On a Linux system, the following must be true for a normally-installed
LDM to dump a corefile:

    1.  "ulimit -c" must return a non-zero value (preferably "unlimited")

    2.  The file "/proc/sys/kernel/suid_dumpable" must contain a "2".

> the downstream machines have this message in their ldmd.log

> NOTICE: requester6.c:447; ldm_clnt.c:310: nullproc_6 failure to
> eldmf1.fsl.no aa.gov; ldm_clnt.c:145: RPC: Timed out

The above means that a downstream LDM-6 process sent a NULLPROC message
to an upstream LDM-6 but the reply from the upstream LDM-6 timed-out.
An obvious candidate is that the upstream LDM lacks an ALLOW entry for 
the downstream host in the upstream LDM's configuration-file.

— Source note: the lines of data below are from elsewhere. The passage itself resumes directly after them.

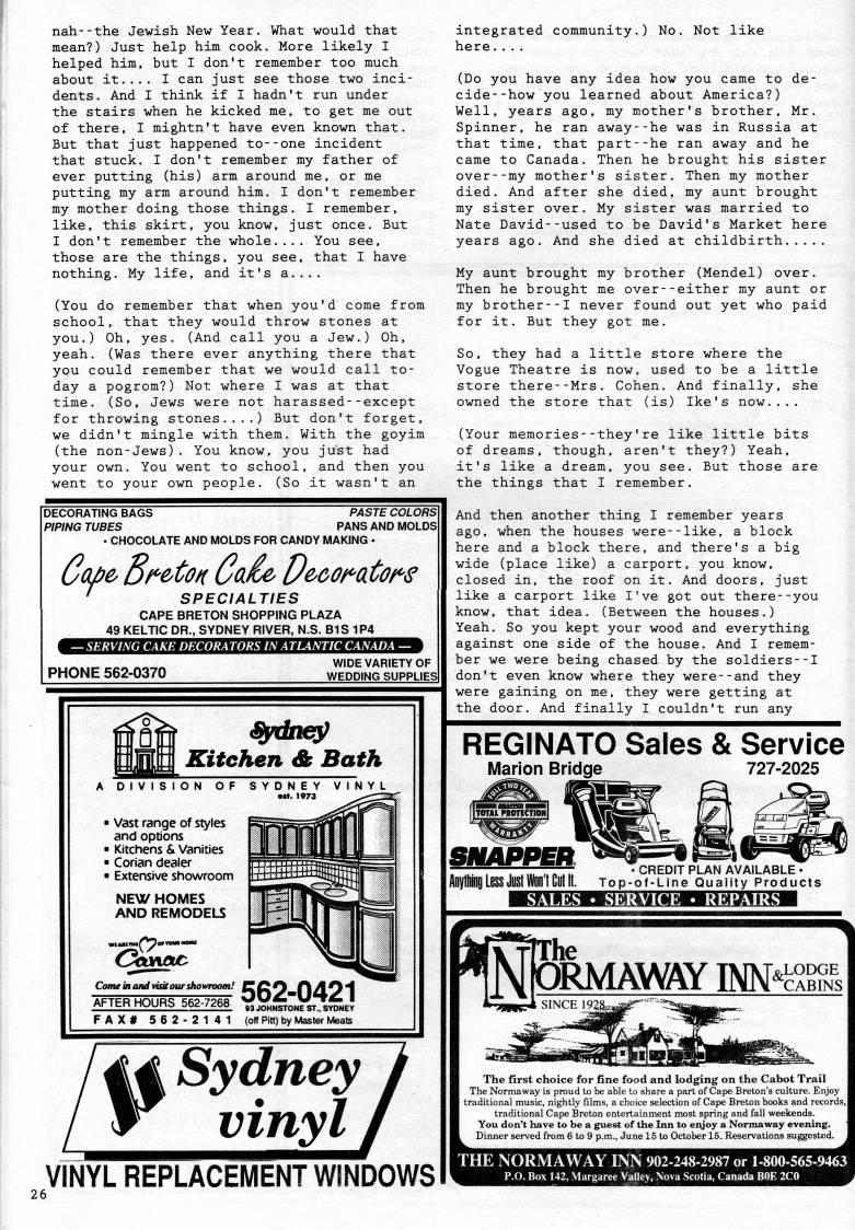 Published by Ronald Caplan on 1992/1/1 (409 reads)nah--the Jewish New Year. What would that mean?) Just help him cook. More likely I helped him, but I don't remember too much about it.... I can just see those two inci? dents. And I think if I hadn't run under the stairs when he kicked me, to get me out of there, I mightn't have even known that. But that just happened to--one incident that stuck. I don't remember my father of ever putting (his) arm around me, or me putting my arm around him. I don't remember my mother doing those things. I remember, like, this skirt, you know, just once. But I don't remember the whole.... You see, those are the things, you see, that I have nothing. My life, and it's a.... (You do remember that when you'd come from school, that they would throw stones at you.) Oh, yes. (And call you a Jew.) Oh, yeah. (Was there ever anything there that ypu could remember that we would call to? day a pogrom?) Not where I was at that time. (So, Jews were not harassed--except for throwing stones....) But don't forget, we didn't mingle with them. With the goyim (the non-Jews). You know, you just had your own. You went to school, and then you went to your own people. (So it wasn't an DECORATING BAGS PIPING TUBES PASTE COLORS PANS AND MOLDS • CHOCOLATE AND MOLDS FOR CANDY MAKING • ' SPECIALTIES CAPE BRETON SHOPPING PLAZA 49 KELTIC DR., SYDNEY RIVER, N.S. B1S 1P4 - SERVING CAKE DECORATORS IN ATLANTIC CANADA • PHONE 562-0370 WIDE VARIETY OF WEDDING SUPPLIES Q' Sydney} ~ Kitchen & Bath ?? Vast range of styles and options ?? Kitchens & Vanities ?? Corian dealer ?? Extensive showroom NEW HOMES AND REMODELS CecAOC Come in and visit our showroom! AFTER HOURS 562-7268 562-0421 S3 JOHNSTONE ST., SYDNEY FAX# 562-2141 (off Pitt) by Master Meats 'Sydney t W vinyl / VINYL REPLACEMENT WINDOWS integrated community.) No. Not like here.... (Do you have any idea how you came to de? cide- -how you learned about America?) Well, years ago, my mother's brother, Mr. Spinner, he ran away--he was in Russia at that time, that part--he ran away and he came to Canada. Then he brought his sister over--my mother's sister. Then my mother died. And after she died, my aunt brought my sister over. My sister was married to Nate David--used to be David's Market here years ago. And she died at childbirth My aunt brought my brother (Mendel) over. Then he brought me over--either my aunt or my brother--! never found out yet who paid for it. But they got me. So, they had a little store where the Vogue Theatre is now, used to be a little store there--Mrs. Cohen. And finally, she owned the store that (is) Ike's now.... (Your memories--they're like little bits of dreams, though, aren't they?) Yeah, it's like a dream, you see. But those are the things that I remember. And then another thing I remember years ago, when the houses were--like, a block here and a block there, and there's a big wide (place like) a carport, you know, closed in, the roof on it. And doors, just like a carport like I've got out there--you know, that idea. (Between the houses.) Yeah. So you kept your wood and everything against one side of the house. And I remem? ber we were being chased by the soldiers--! don't even know where they were--and they were gaining on me, they were getting at the door. And finally I couldn't run any REGINATO Sales & Service Marion Bridge CREDIT PLAN AVAILABLE • AliylllillflLessJilSiWon'lCllllt. Top-ot-Llne Quality Products SALES • SERVICE • REPAIRS rhe NORMAWAY IlMN'gfs SINCE 192&, The first choice for fine food and lodging on the Cabot Trail The Normaway is proud to be able to share a part of Cape Breton's culture. Enjoy traditional music, nightly films, a choice selection of Cape Breton books and records, traditional Cape Breton entertainment most spring and fall weekends. You don't have to be a guest of the Inn to eiyoy a Normaway evening. Dinner served from 6 to 9 p.m., June 15 to October 15. Reservations suggested. THE NORMAWAY INN 902-248-2987 or 1-800-565-9463 P.O. Box 142, Marsaree Vallev, Nova Scotia, Canada BOE 2C0
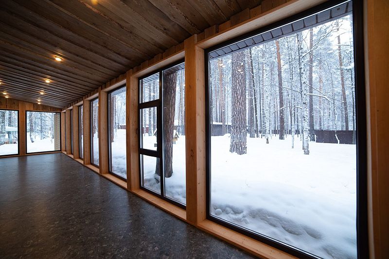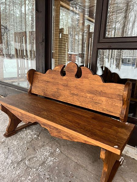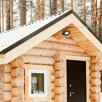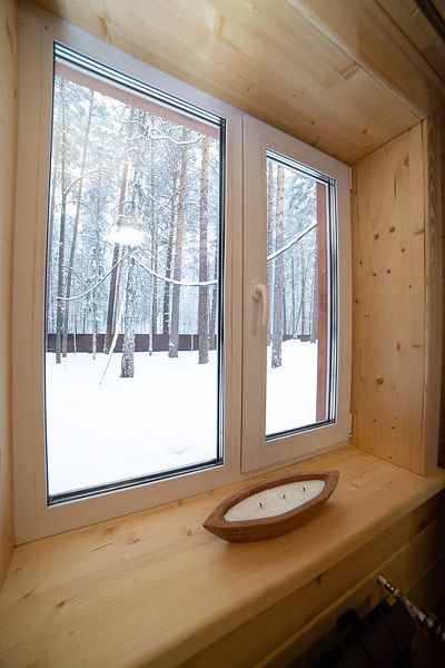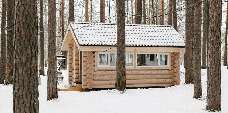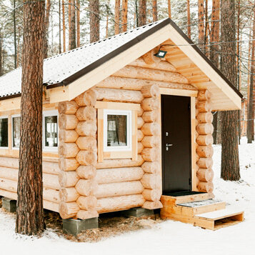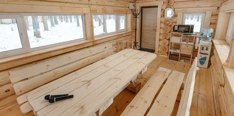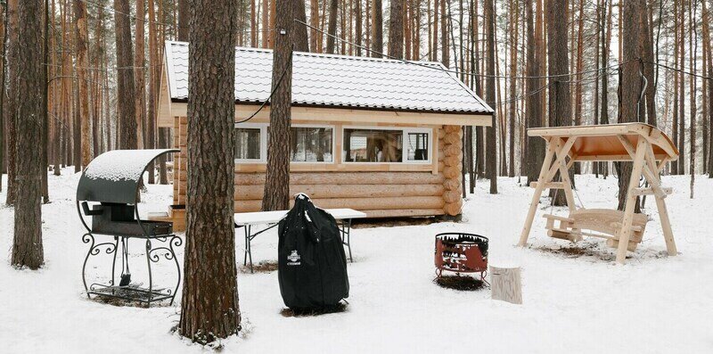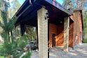 Беседка крытая, утепленная представляет собой крепкое бревенчатое сооружение, с террасой. Строения расположены в сосновом бору — вокруг лесной ландшафт. При нахождении в беседке, не теряется связь с природой. Эффект обеспечивают большие окна.
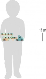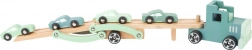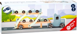 Set sadrži kamion s prikolicom i ukupno četiri sportska autića. Igra razvija koordinaciju oko–ruka, finu motoriku i kreativno pripovijedanje. Zahvaljujući kvalitetnim materijalima i glatko obrađenim rubovima, igračka je prikladna za djecu od 3 godine.
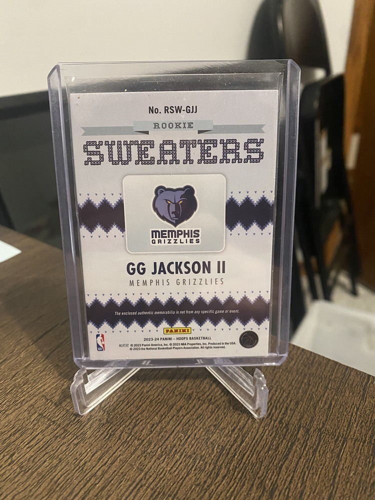 Elevate your basketball card collection with the GG Jackson (RC) Rookie Sweaters Patch card from the 2023-24 Panini NBA Hoops set. This card captures the essence of the Memphis Grizzlies' promising talent, featuring a unique patch and rookie status that's a must-have for fans and collectors alike. With the card number RSW-GJJ, it's part of the sought-after Rookie Sweaters insert set, showcasing a piece of memorabilia that connects you directly to the sport and its emerging stars. Delve into the 2023-24 season with this Panini gem and hold a piece of basketball history in your hands.
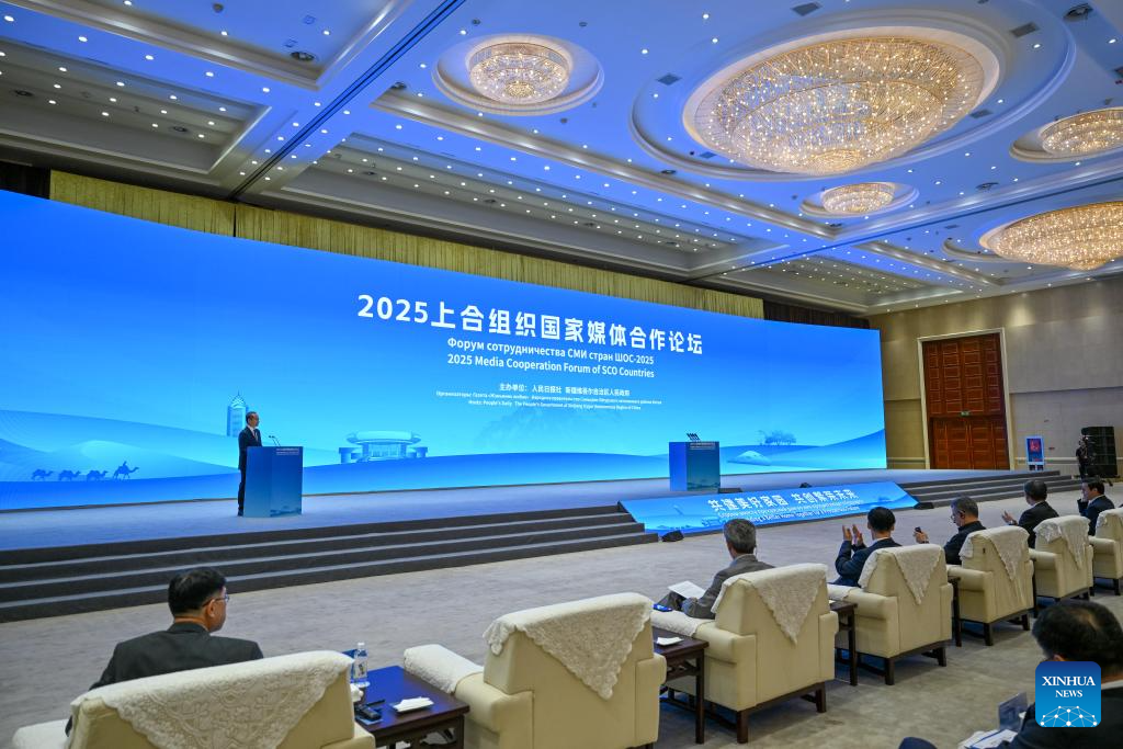 Yu Shaoliang, President of People's Daily, delivers a speech at the opening ceremony of the 2025 Media Cooperation Forum of SCO Countries held in Urumqi, northwest China's Xinjiang Uygur Autonomous Region, May 23, 2025. With the theme of "Building a Better Home Together for a Prosperous Future," the forum kicked off in Urumqi of Xinjiang on Friday. Over 300 representatives from mainstream media outlets, government departments, academic institutions, and enterprises from 26 SCO member states, observer states, and dialogue partners attended the forum. (Xinhua/Ding Lei)
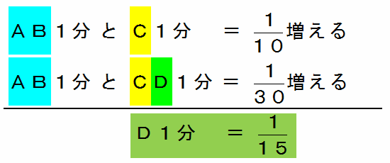 そこで、今度は「AB1分+CD1分=30分の1増える」と「AB1分+C1分=10分の1増える」という2つの条件を次の図のように消去算っぽく扱うと、D1分で水そうの水は15分の1減ることが分かります。
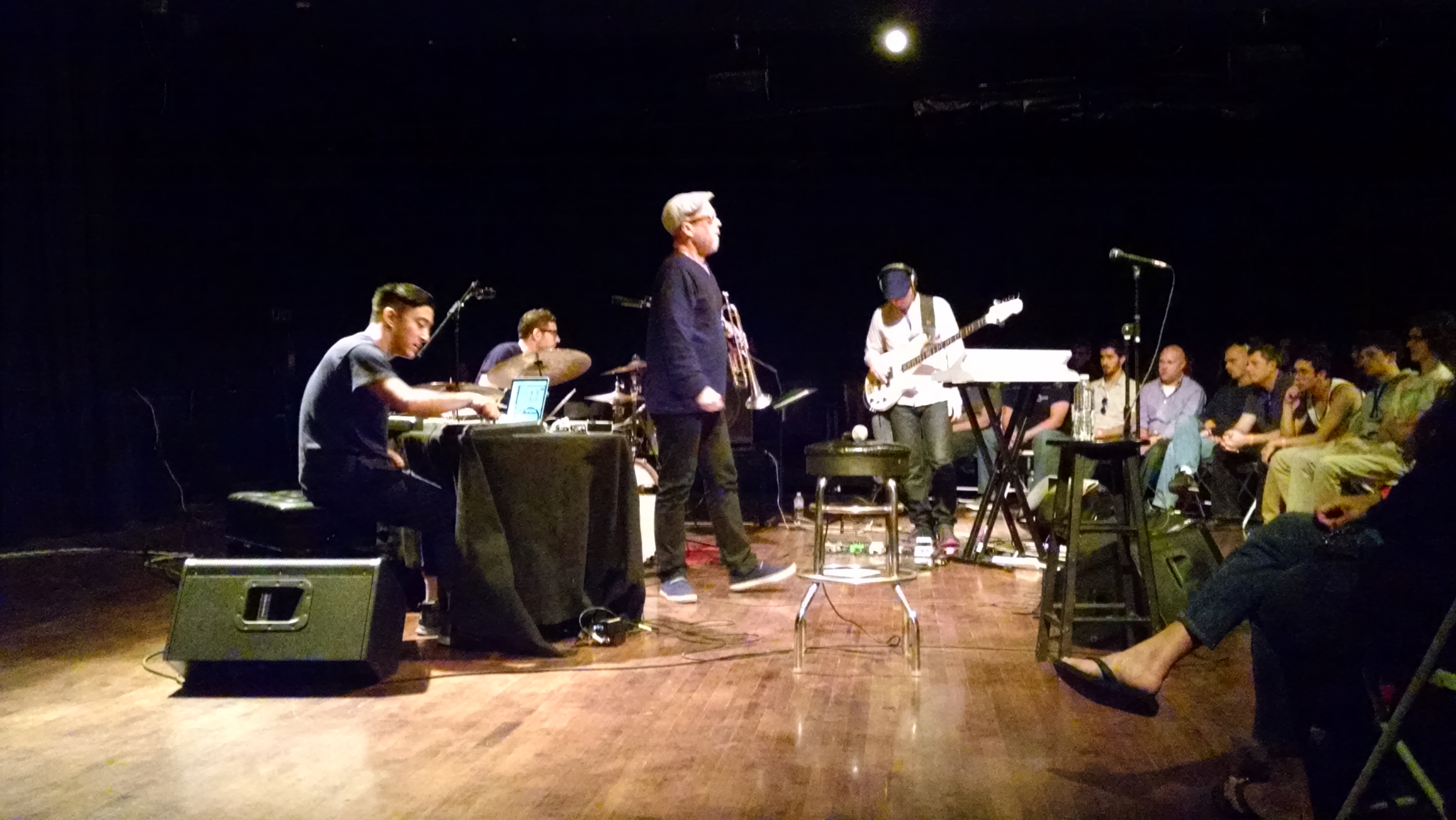 My main reason for attending this and thus staying was the Mark Guiliana drum clinic/after show. I knew nothing of this group but I’m glad I stayed. Remember when I mentioned that I have a hard time listening to newer jazz done with the instruments of old? Well, this is something I can get down with and am excited to eat my words. It was Mark Guiliana on acoustic drums, Dave Douglas on Trumpet, Shigeto on electronics and Jonathan Maron on Bass and keys.

What does the following command return when executed on the downstream
host?

    /usr/sbin/rpcinfo -n 388 -t eldmf1.fsl.no aa.gov 300029 6

This command bypasses the LDM on the downstream host, completely and
should indicate that the LDM on the upstream host is available, e.g.,

    $ /usr/sbin/rpcinfo -n 388 -t oliver.unidata.ucar.edu 300029 6
    program 300029 version 6 ready and waiting

If it fails, then is there anything corresponding to the connection
attempt in the logfile of the upstream LDM?
    
> I have been testing for weeks now on many os' and different kernels
> and eventually ldm always crashes with the above error.

What version of the LDM?

> I have attached the ldmd.log.

I didn't see any evidence of the LDM crashing in the logfile you sent.

> I have no idea what else to test.  Hope you have
> insights, as I'm all out of troubleshooting ideas.  Thanks.  Sarah
...

Regards,
Steve Emmerson